I feel like a blogging slacker for not posting great finger foods, hearty chilies, and messy sloppy gooey man food all week this week because honestly, I’d eat like that if I could all of the time. I’d whine like a baby about feeling fat and ill for the rest of the day and drive everyone nuts, but some great layered nachos always hit the spot. And with the Super Bowl this weekend? How dare I!
Oh, well. There will be a kitchen throwdown on Sunday for a few friends and my own palate that I will tell ya’ll about later but so far (you know, 2 days in) my February has been rather rushed. I have recently been promoted to manager at the shop and will be going to Dallas next week for business. I’d be super excited, but it’s business so most likely there will be no posts about how I landed in Dallas to find wild cattle roaming the runway that I could tackle and grill to a perfect medium rare. Nope, we’re thinking hotel food… poo.

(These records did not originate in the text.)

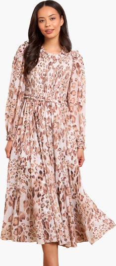 This stunning piece features a hand-painted leopard print, created in-house using watercolour techniques. The soft, fluid motifs vary in scale, with a beautifully watery definition. Crafted from the softest chiffon, it boasts a shirred bodice that is delicately adorned with signature Needle & Thread frills at the neckline, shoulders, and waist.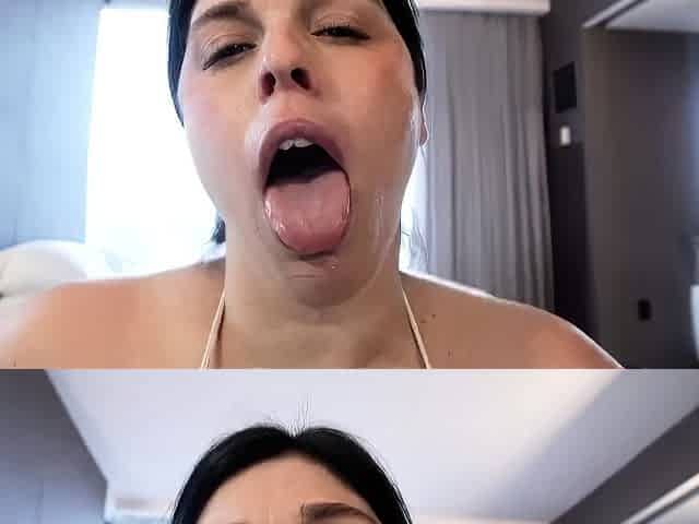 Busty brunette sucks and licks big cock in a close up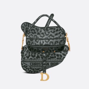 Maria Grazia Chiuri brings a fresh update to the iconic Saddle bag. The design is fully embroidered with the gray Mizza motif. inspired by a leopard motif from the House archives. The legendary style features a Saddle flap with a magnetic ‘D’ stirrup clasp and boasts an antique gold-finish metal ‘CD’ signature on each side of the handle. The bag can be carried by hand or worn over the shoulder and may be customized with different shoulder straps.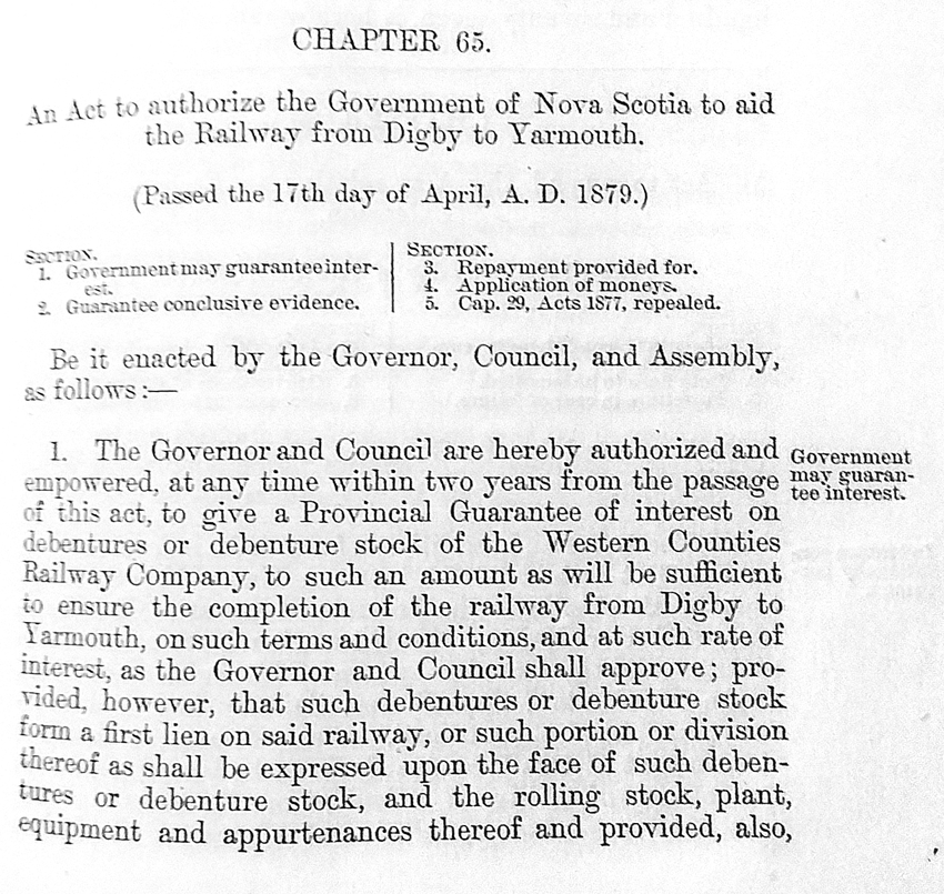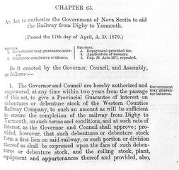 | current | 16:59, 27 June 2023 | 850 × 805 (512 KB) | Sarah Taylor (talk | contribs) | Source Nova Scotia Archives<br> Photograph of a page from a book of acts of the Nova Scotia Legislature passed in 1879.<br> Chapter 65 of the Acts of 1879<br> Page 1<br> Category: Nova Scotia Archives |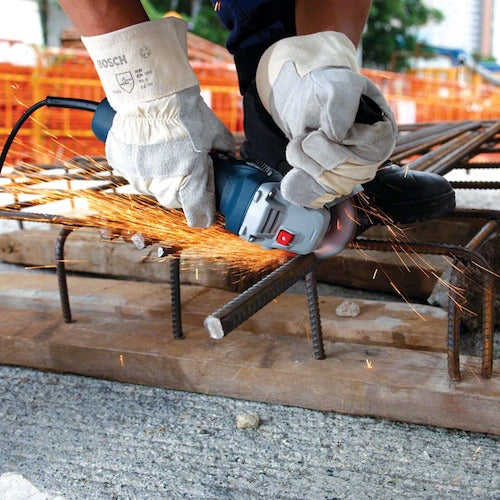 カタログ品番:GWS7-100TN 特長:●再始動防止機構搭載です。●56mmの細径グリップです。●最大出力960Wのハイパワーです。●脱落防止付保護カバー、サイドハンドル標準装備、二重絶縁構造です。●低速・高トルク型です。 用途:●各種金属等への研磨・研削。●タイル、コンクリートへの溝入れ。●錆び落としに。 仕様:●無負荷回転数(min[[の−1乗]]):9300●砥石径(mm):100●本体寸法(mm):280×103×75●消費電力(W):720●電源(V):100(50/60Hz)●コード長さ(m):2.5●砥石寸法(Φmm)外径:100●定格電流(A):7.3●スピンドル径:M10×1.5●取付砥石穴径:15mmφ●本体寸法:280×103×75mm●カーボンブラシ:1619P02892●二重絶縁タイプ 材質/仕上:●ポリアミド樹脂(PA) セット内容/付属品:●サイドハンドル●ピンスパナ●保護カバー●フランジ●固定ナット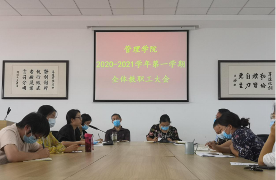 为推进新学期各项工作的顺利开展,管理学院于8月31日在2号楼209举行2020-2021学年第一学期全体教职工大会,对新学期的教学、管理等重点工作进行安排部署。管理学院院长纪德尚、党总支书记张小雁、学院副院长唐云、教学秘书朱影影、行政秘书许广庆以及全体教职工参加了此次会议,会议由张小雁书记主持。
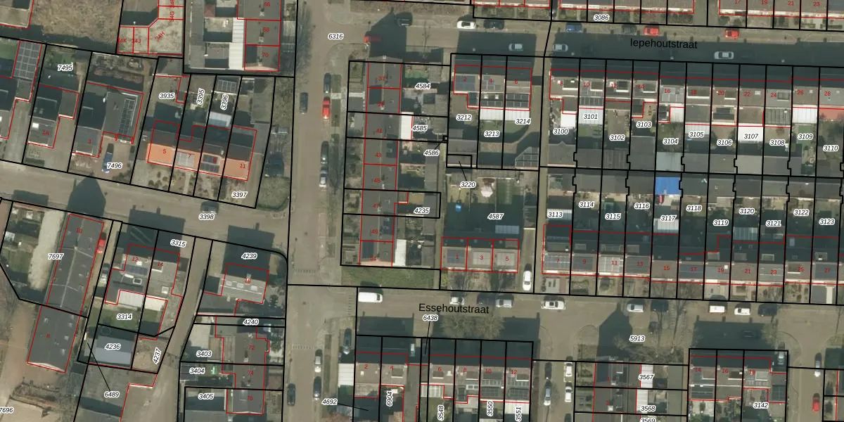 Gebruik de zoekbalk of klik op een perceel om informatie over het perceel te bekijken.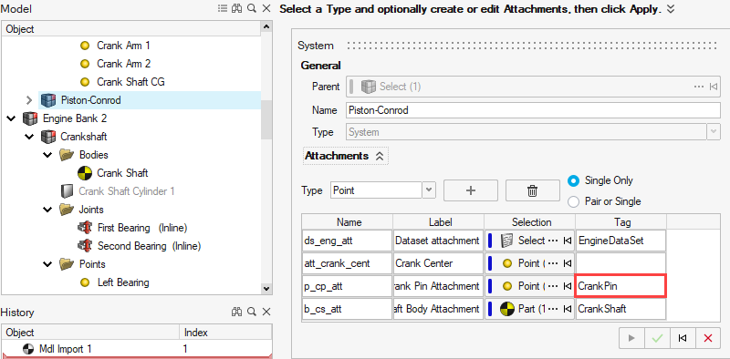 チェックされていない場合、単一のエンティティのみがアタッチメントに解決できます。Inspireで作成するほとんどのアナリストエンティティと同様に、アタッチメントエンティティはシングルエンティティまたはペアエンティティにすることができます。ペアのエンティティは、対称の特性を持つモデルを作成する場合に役立ちます。詳細については、Inspire Motionのペアと対称モデリングを参照してください。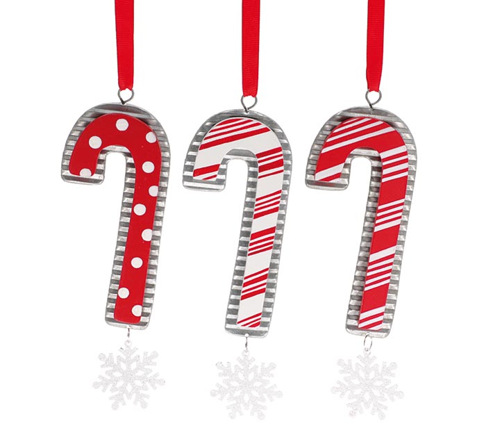 Candy cane shape wood ornaments with corrugated tin backing and red/white stripe or red with white polka dot designs. Each ornament has a dangling white snowflake at the bottom.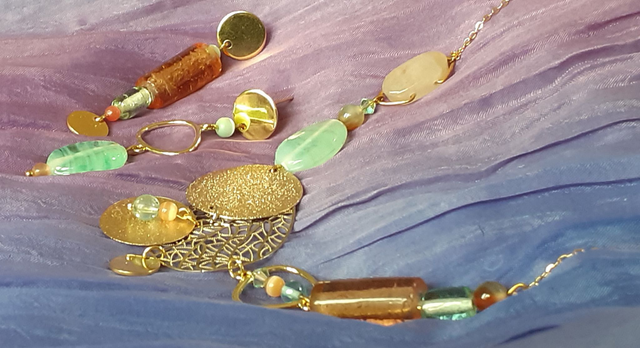 Pesca Parure. Collier doré, forme plastron, ton pêche & vert d'eau, Boucles d'oreilles pendantes asymétriques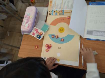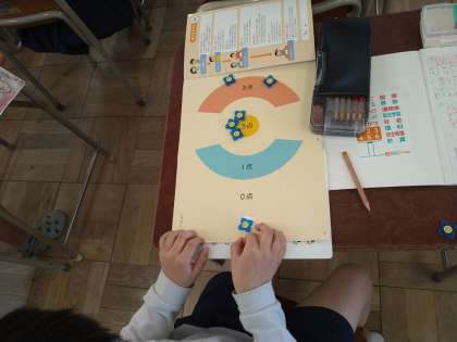 おはじきゲームをして、得点の求め方を考えました。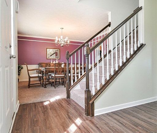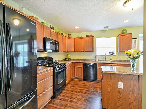 Great and spacious home in the Sebright plan. First floor offers open layout with living room, dining room kitchen and family room. Luxury vinyl plank flooring in the entry and kitchen area. Kitchen features solid wood cabinetry, center island and sliding doors to the large composite deck. Open handrail staircase leads to the second floor with large Master Bedroom suite with walk in closet and private bathroom. Other three bedrooms, full bathroom and conveniently located laundry room complete the second floor. Finished lower level offers walk out to the stone patio overlooking flat back yard.

Just in case you want something hearty and warm to serve at your Super Bowl party, or any time as a great snack, this bread is perfect. When I saw it I knew I had to try it and since it conveniently fits into my goal of kicking yeast in the behind, why not.
Pull apart bread
Adapted from A Little Bit of Everything
- 4 cups all-purpose flour
- 1 package dry yeast
- 1 1/2 cup lukewarm milk/water
- Stuffing of your choice**
- 1 egg for brushing
In your mixer bowl cream the yeast with a little milk. When the yeast has dissolved pour the rest of the milk.
Slowly add the flour mixing until the dough comes clean from the sides of the bowl.
Place the dough into a greased bowl and leave to rest at room temperature until it doubles in volume.
When risen divide it into 10-12 balls and flatten them.
To make the filling shred the cheese and chop the herbs. Mix them. Place about 1-2 tbsp of the cheese-herb mixture on the flatten dough.
Seal the pocket with a fork or with your fingers and place it in a greased loaf pan. Do the same with the rest.
Leave again to rest at room temperature. When risen brush with egg wash and bake in preheated oven, at 375F, for about 35-40 minutes.
Leave to cool a little and get it out of the pan.
*Fresh herbs and cheese is what was used by the A Little Bit of Everything to stuff this bread originally, however, I used a sausage stuffing left over from stuffed mushrooms and it was great! With the meat on the inside I recommend slicing rather then pulling as the title would suggest.